Warm Water Is Essential
I am sure this comes as no surprise. After ice out, largemouth will be looking for the warmest water in the fishery. However, one thing I have noticed over the years is the warmest water is not always in the northwest corner of a lake. In fact, it can be found almost anywhere on the lake depending upon multiple factors. If you are not familiar with a body of water, though, the northwest corner is your best bet as a starting point.
Dark Water Usually Warms First
Look for dark bottom bays. These are typically your best bet on a bright, warm, sunny day as this dark bottom will hold heat and attract bass and baitfish. Additionally, look for the smallest, shallowest, isolated bays on your fishery. The less water there is, the quicker it will warm up. Hordes of largemouth will move into these small bays as soon as the ice goes out and the sun warms them up.
It Comes Down To Timing
Keep in mind that not all fish in the system move up at the same time. In fact, this process, at least in the north, can be drawn out over the course of weeks. Bass will begin their general migration towards the shallows. Some will move all the way up immediately while others will stop in staging areas before going the rest of the distance.

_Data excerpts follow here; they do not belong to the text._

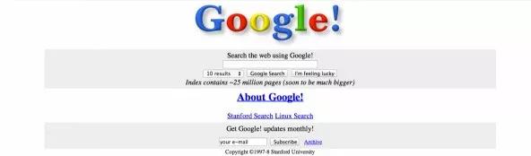 98年第一版的Google!模仿Yahoo!也有个感叹号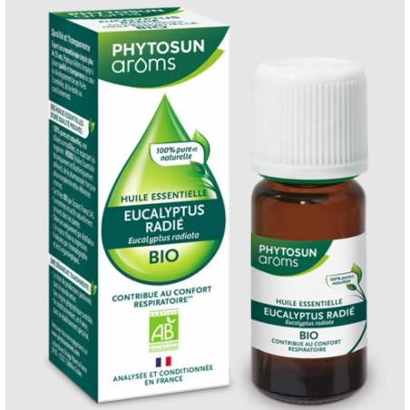 L'Huile Essentielle d'Eucalyptus radié Phytosun Aroms est obtenue par distillation des feuilles d'Eucalyptus radiata issu de l'agriculture biologique. Les molécules obtenues sont le 1,8-cinéole, l'alpha-terpinéol et les citrals.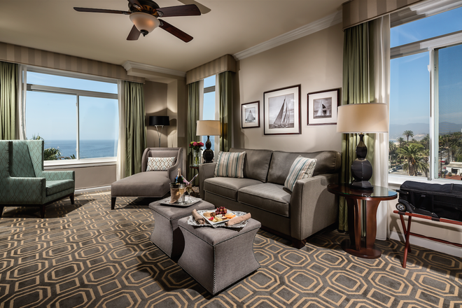 Each suite boasts elements of The Georgian’s iconic art deco motif with new modern details and a refined style that charms the present-day traveler while never losing the essence of the relaxed Santa Monica experience. While the rooms boast a new look, the spectacular ocean views that have been enticing guests for over 80 years remain unchanged. In the living room, a comfortable yet chic love seat disguises a hidden foam-mattress sleeper sofa and complements an elegant chaise lounge that together evoke a familiar sense of home. Enhancements to the bedrooms include custom-made, 300-thread count plush bedding along with light, oceanic toned lounge chairs with sleek geometric shapes and ornamentation. Dynamically-styled carpeting throughout the suite with bold patterns and neutral colors balance the space to bring together all that encompasses coastal luxury.
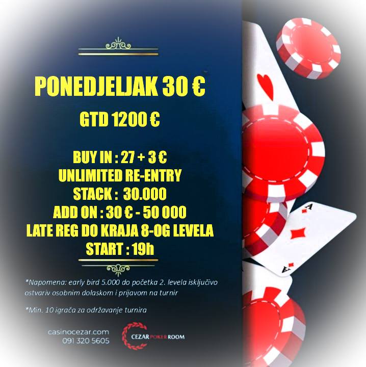 Buy-in 30€, start stack 40k + 10k Early birds, unl re-entry 30€ (40k), add-on 40€ (80k). Late reg 10 lvl. 3000€ GTD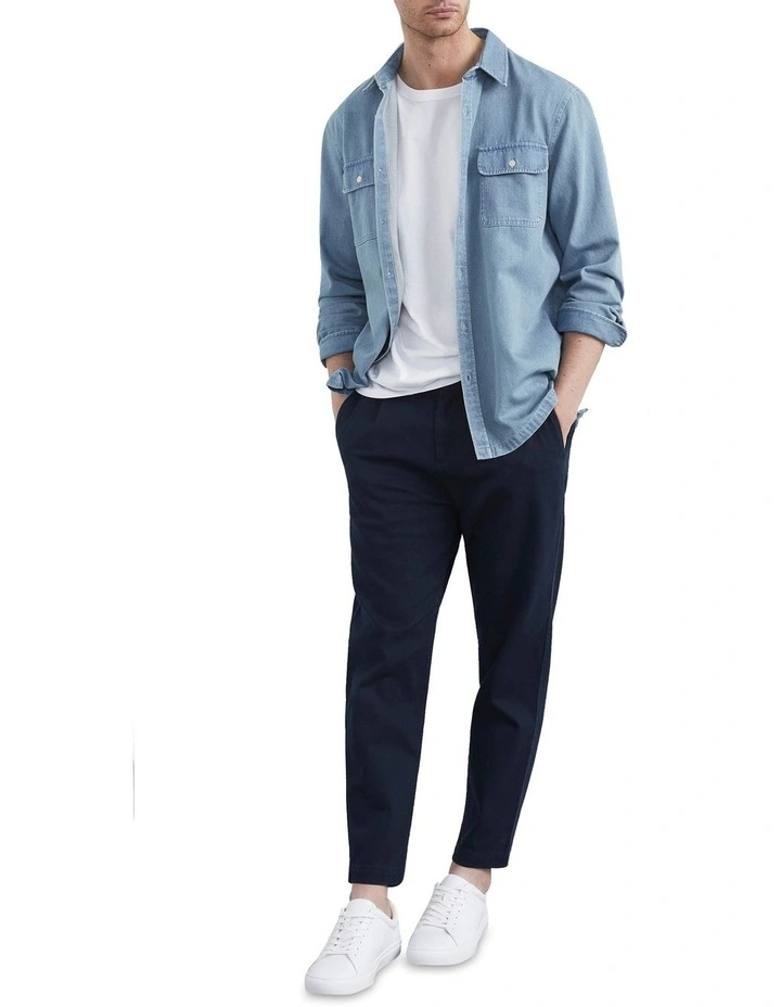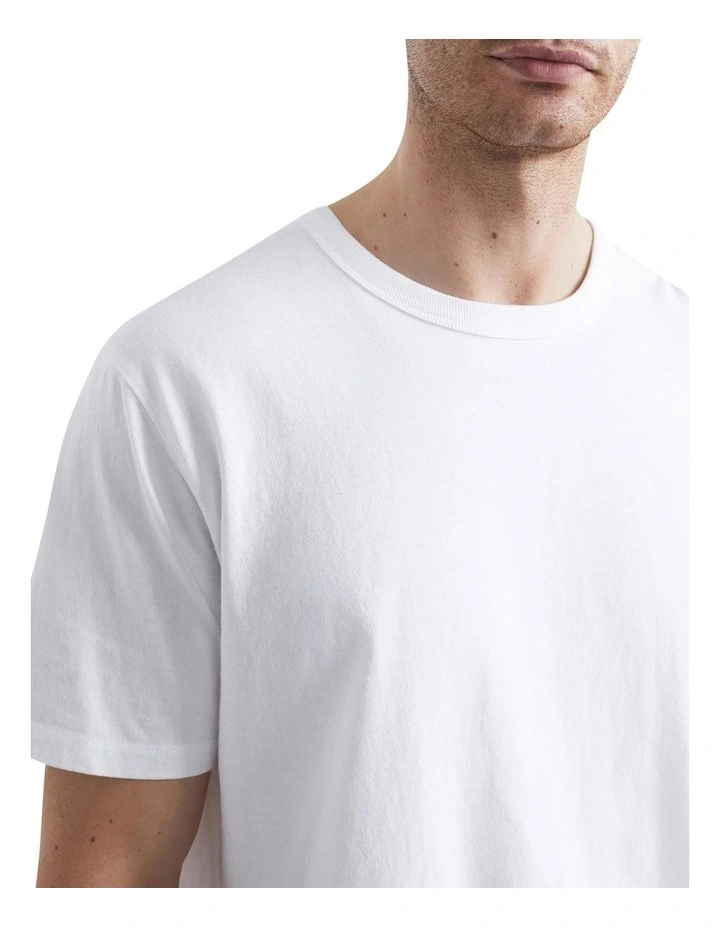 Our Rugged Jersey T-shirt offers a soft and durable foundation layer for any outfit. Featuring a relaxed fit, round neckline, and garment-dyed wash design. Wear with our Marine Plaid Classic Fit Shirt and Slim Tapered Jean. Our model is 188cm tall and wears a size M.
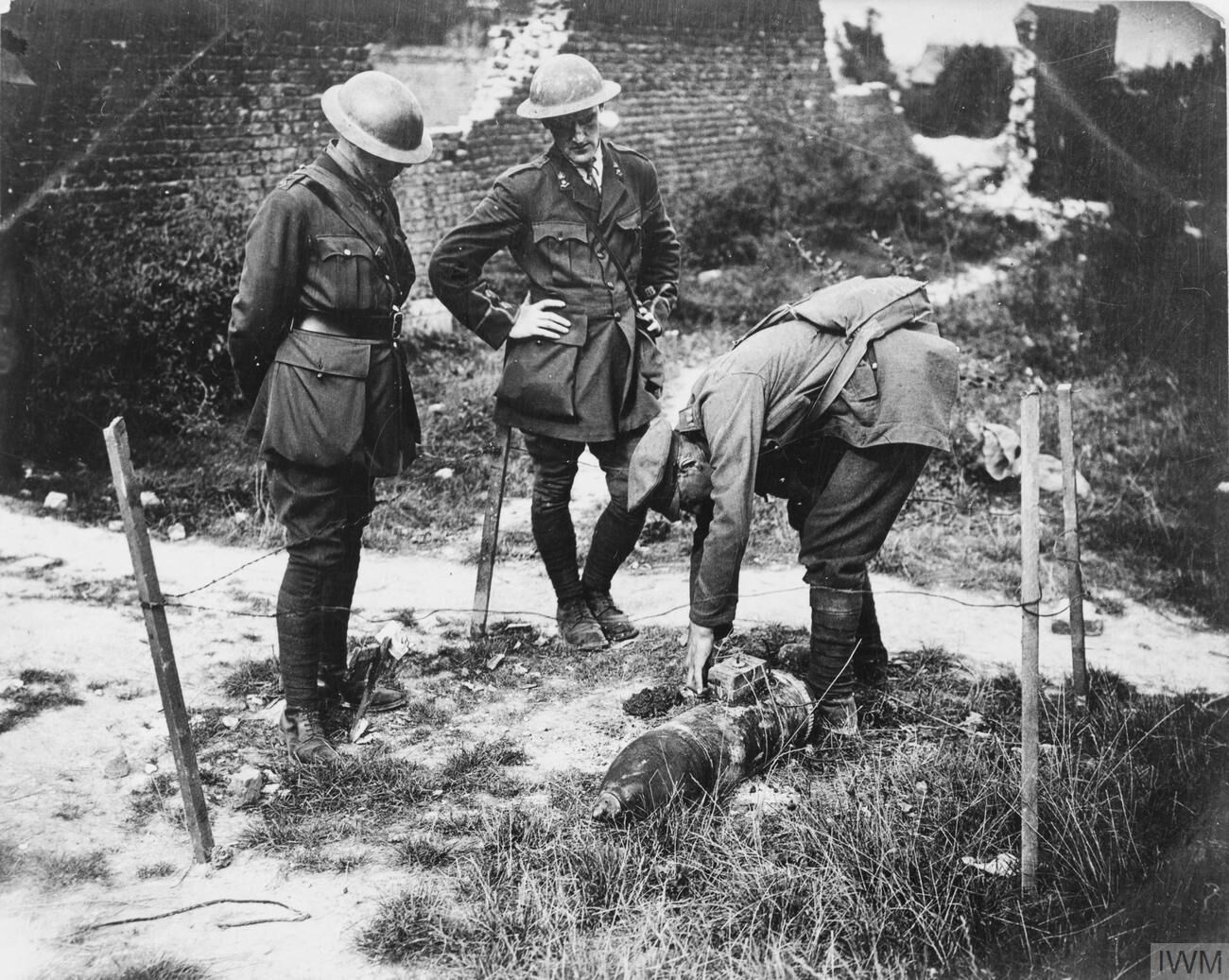 제1차 세계 대전 중 불발탄을 처리하는 영국 부사관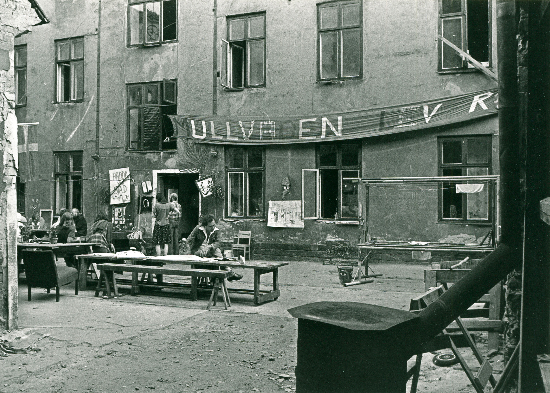 Protesternas Södermalm: ”Mullvaden lever” läser vi på banderollen på gårdshuset. Foto: Göran Fredriksson, sommaren 1978.

Look for big, female largemouth bass to use these deeper water staging areas before moving in shallow to feed and spawn. Typically, the best way to find these staging areas is to locate the spawning bays and backtrack to the nearest access to deep water. Oftentimes, these areas are the points and flats directly outside of spawning bays.
Bait Selection – Keep It Simple
Lastly, bait selection is key this time of year. Because there are so many fish in so many different areas, you have to be ready for anything as an angler. However, when simplified, fishermen don’t need many baits to be successful in the early spring. For staging, deeper fish, an assortment of mid-depth crankbaits, rattlebaits, and heavier swim jigs are good options. This time of year, slow retrieves seem to work best. If the bass are around, they will munch whatever you throw. Throw your confidence and goto baits.
The same goes for shallow water fish. Anglers will find great success with weightless soft plastics like Texas-rigged finesse worms and senkos as well as wacky rigs. If you are fishing a large spawning bay and need to cover water, look to swimbaits or swim jigs. Bomb cast these baits as far as you can, slow roll them on the bottom and hold on for dear life.